=== What you need to do ===
Reproduce the following data exactly, minus any images.

=== Given material ===
= Beginning of Section =

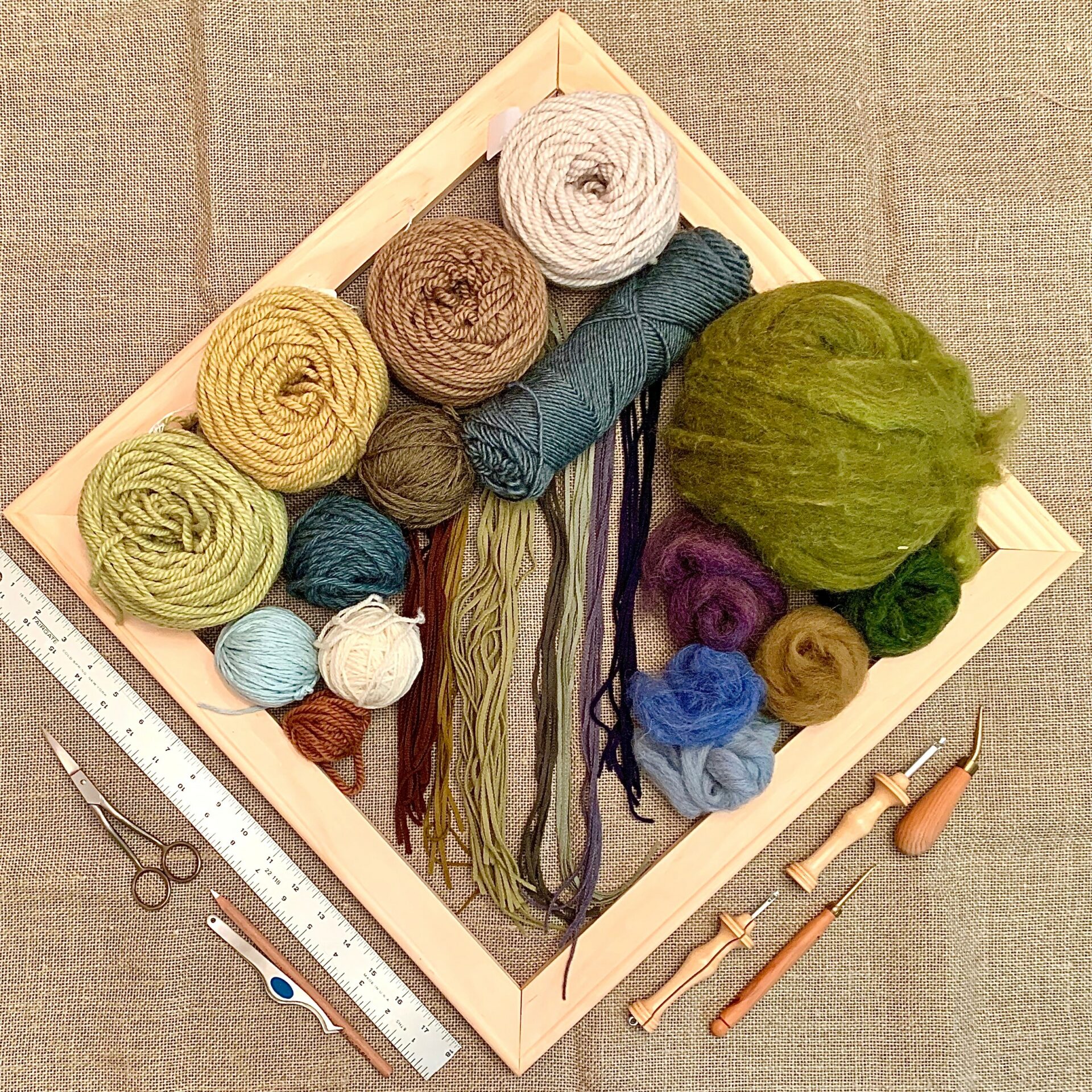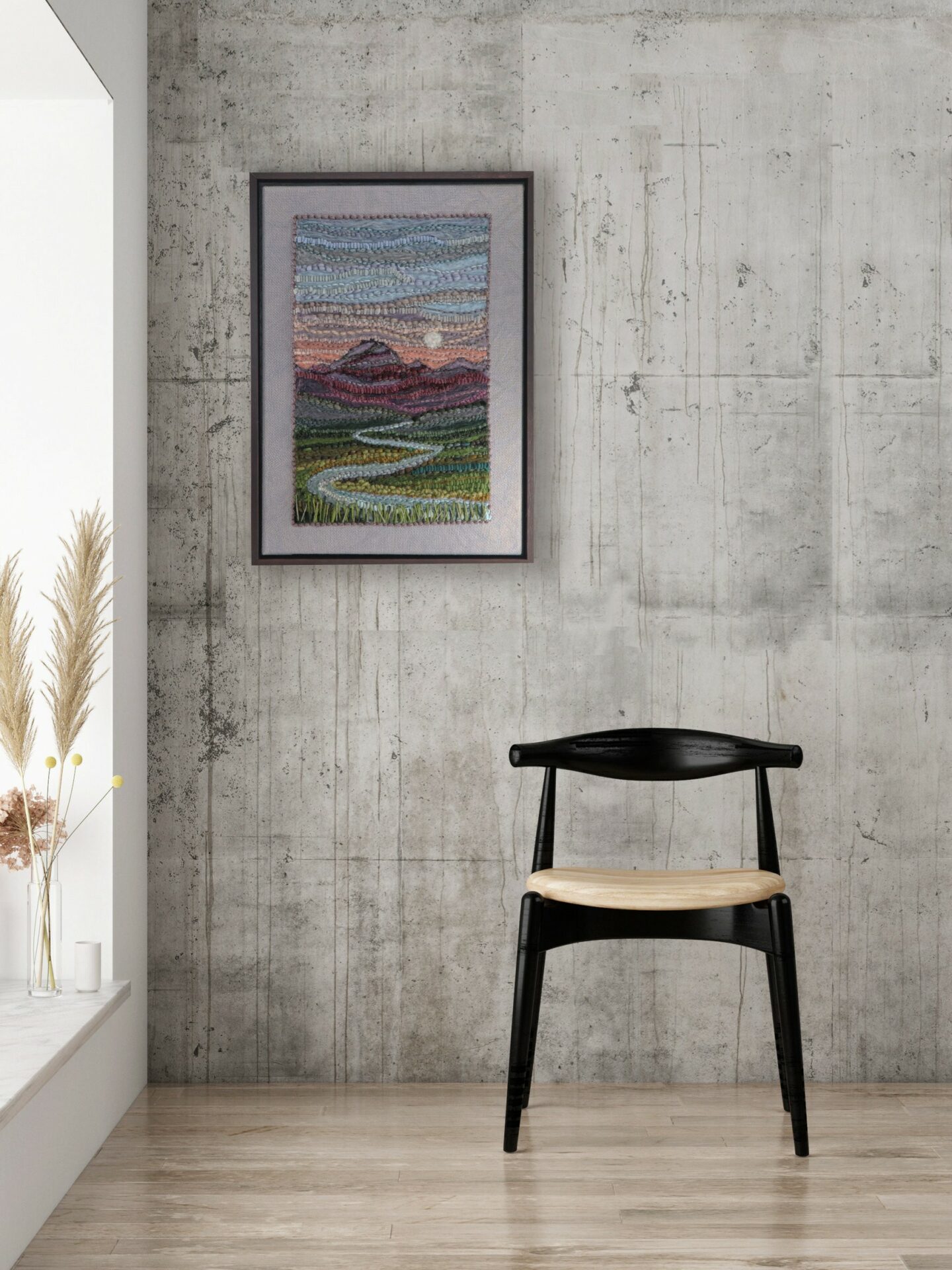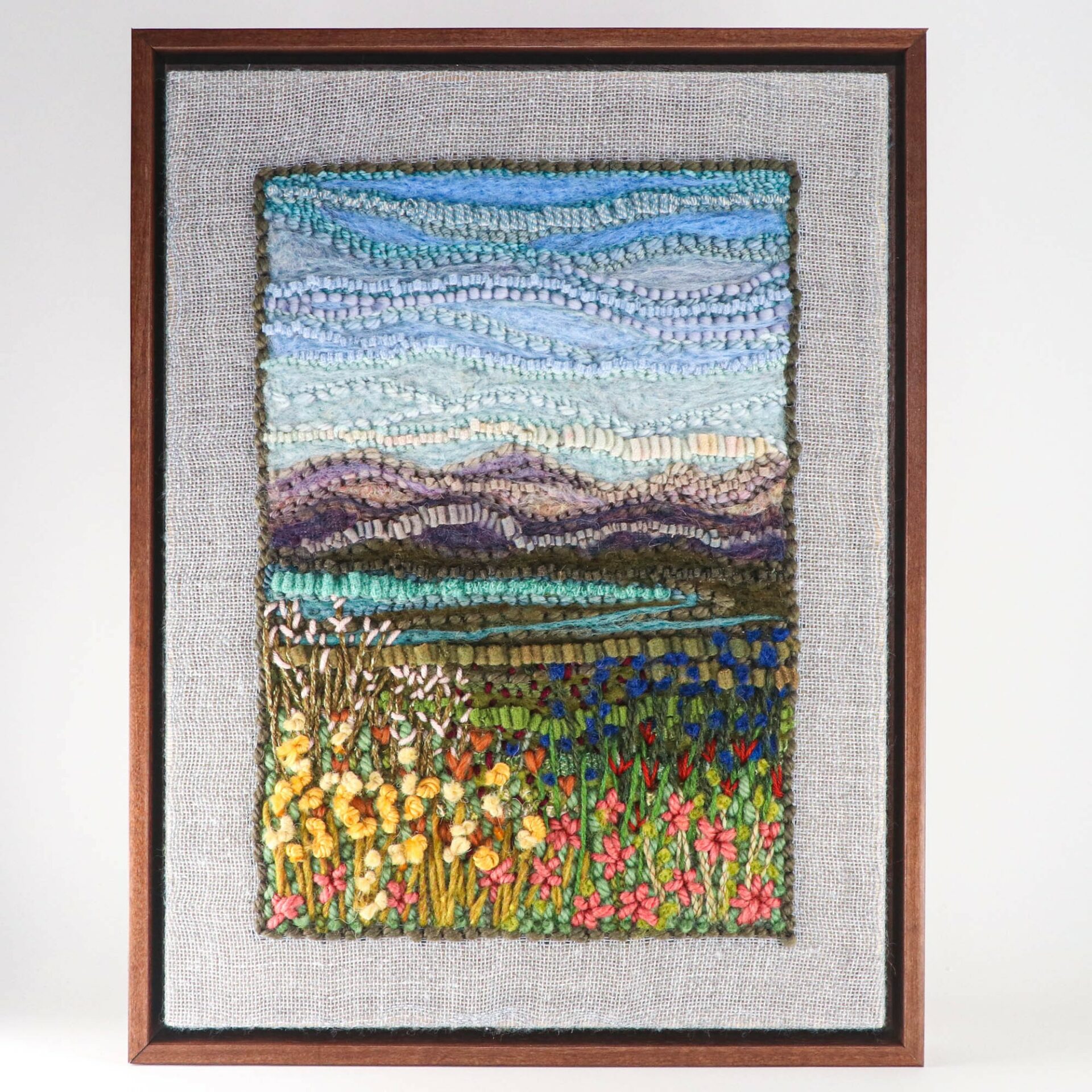 My fiber art career started out with 3D needle felting, then eventually honed in on 2D wool landscapes featuring scenes from the Southeast. In recent years, I’ve learned rug hooking, punch needle, and tufting, all of which have given me new ways to work, achieving different textures through each medium, and the opportunity to break all the rules by combining them.
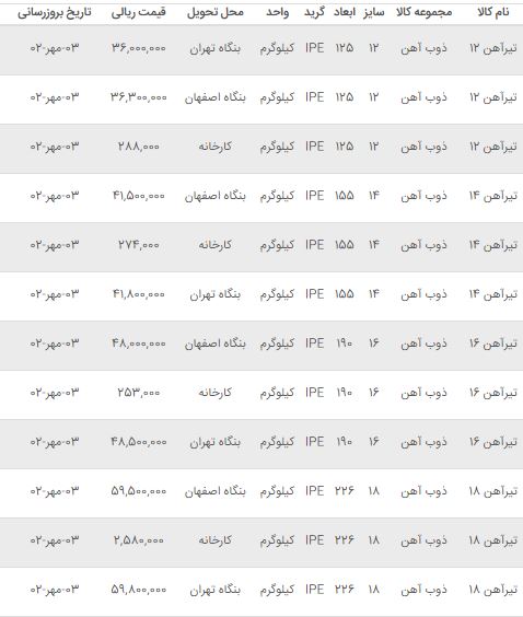 اعلام موجودی تیرآهن
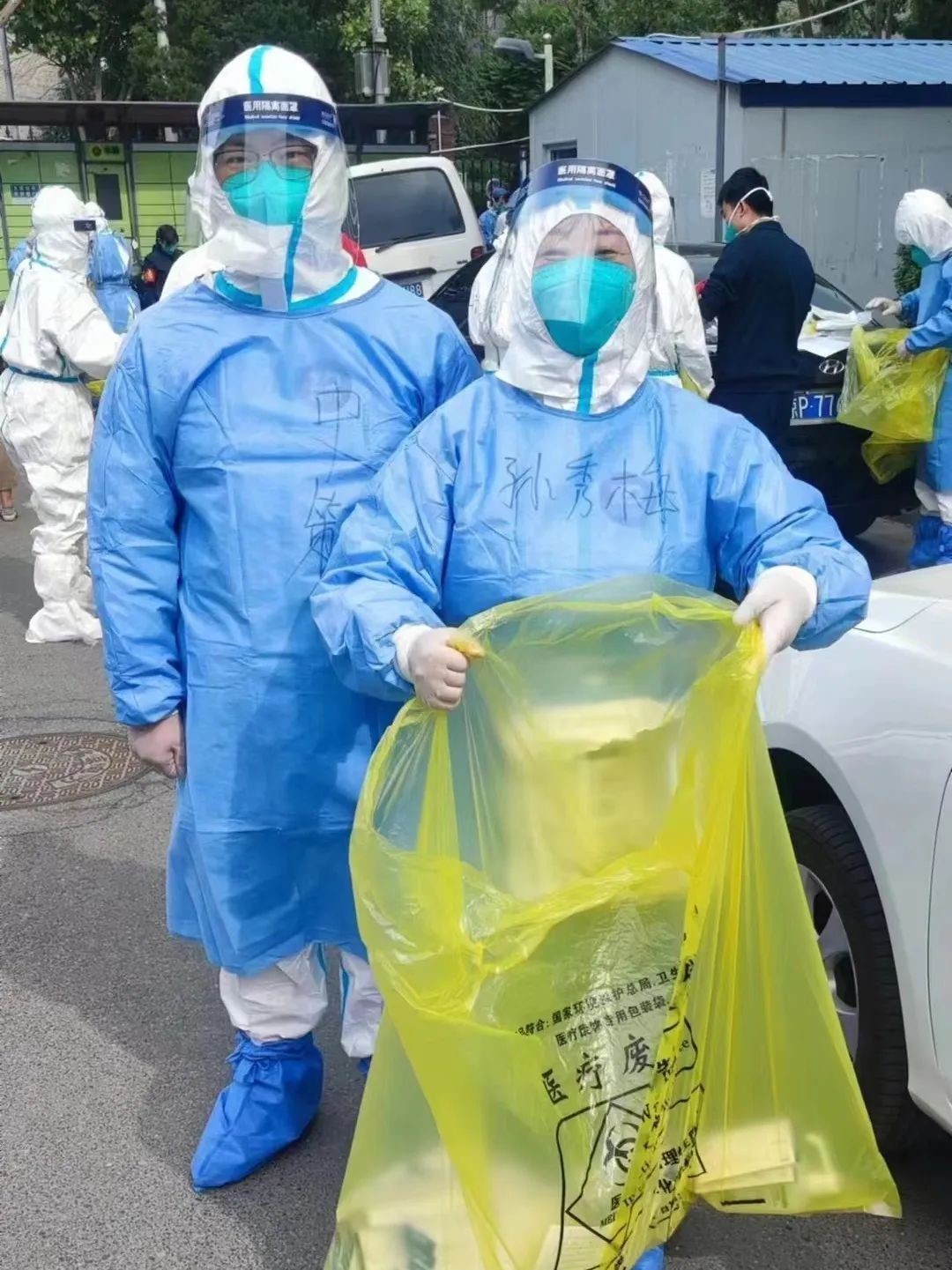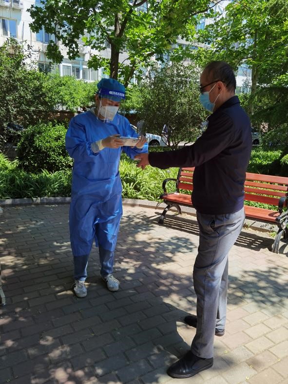 本科生积极分子史策和她母亲积极投身丰台双林苑社区5个单元楼的家户核酸检测

= End of Section =

=== Result of this task ===
 My fiber art career started out with 3D needle felting, then eventually honed in on 2D wool landscapes featuring scenes from the Southeast. In recent years, I’ve learned rug hooking, punch needle, and tufting, all of which have given me new ways to work, achieving different textures through each medium, and the opportunity to break all the rules by combining them.
 اعلام موجودی تیرآهن
 本科生积极分子史策和她母亲积极投身丰台双林苑社区5个单元楼的家户核酸检测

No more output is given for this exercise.